= German Democratic Union =

Former German political party

The German Democratic Union (Deutsche Demokratische Union, DDU) was a left-wing political party. The party was only active in Saarland. The DDU was founded in 1955.

The party, with the Saar Communist Party (Kommunistische Partei Saar, KPS), objected to the Saar statute. Following Saarland's accession to the Federal Republic of Germany, the party was constituted as the Saarland regional association of the Bund der Deutschen (BdD) on July 7, 1957, but did not formally dissolve.

After Saarland's accession to the Federal Republic, KPS was banned for being a "substitute organization" of the Communist Party of Germany, which had been banned in 1956, thus many KPS members joined the DDU.

The DDU won two seats in the 1960 Saarland state election. Erich Walch and Erwin Gieseking became members of the state parliament.

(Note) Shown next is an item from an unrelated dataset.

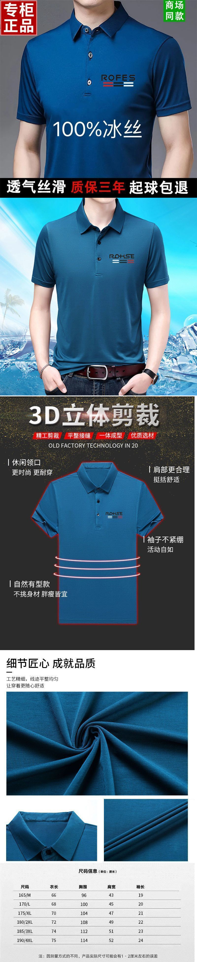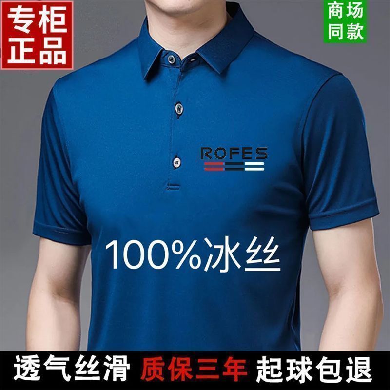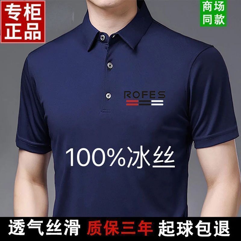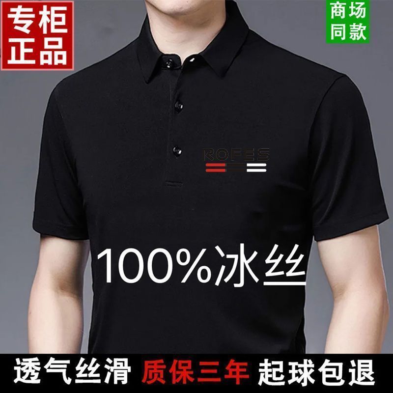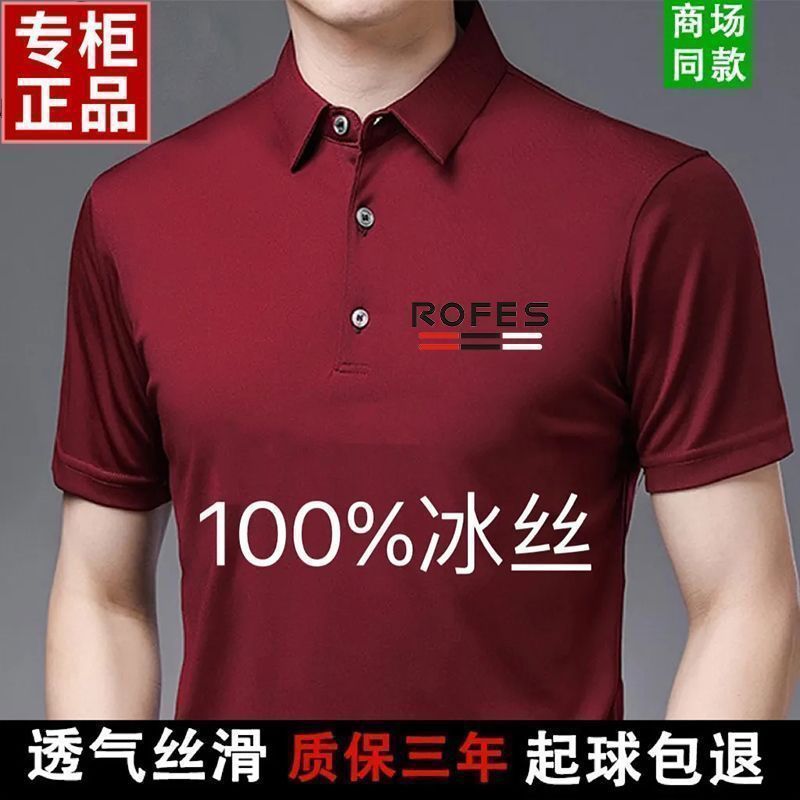 Распродажа. Мужская рубашка-поло из ледяного шелка с короткими рукавами и отложным воротником для отцов среднего и пожилого возраста. Высококачественная.

On March 5, 1961, a Saar regional branch of the German Peace Union (Deutsche Friedens-Union, DFU) was constituted under the leadership of Gieseking, who was also chairman of the DDU and a founding member of the DFU. The DDU thus functioned “de facto”, according to Rolf Schönfeldt, as a regional association of the DFU, but again did not formally dissolve.

DDU members stood as candidates on the DFU list in the 1961 and 1965 federal elections, whilst DDU ran in the 1965 Saarland state election. However, they failed the re-entry in the state parliament. In 1968, they ran in the Saarland local elections and won a total of 47 seats, before merging with the DFU.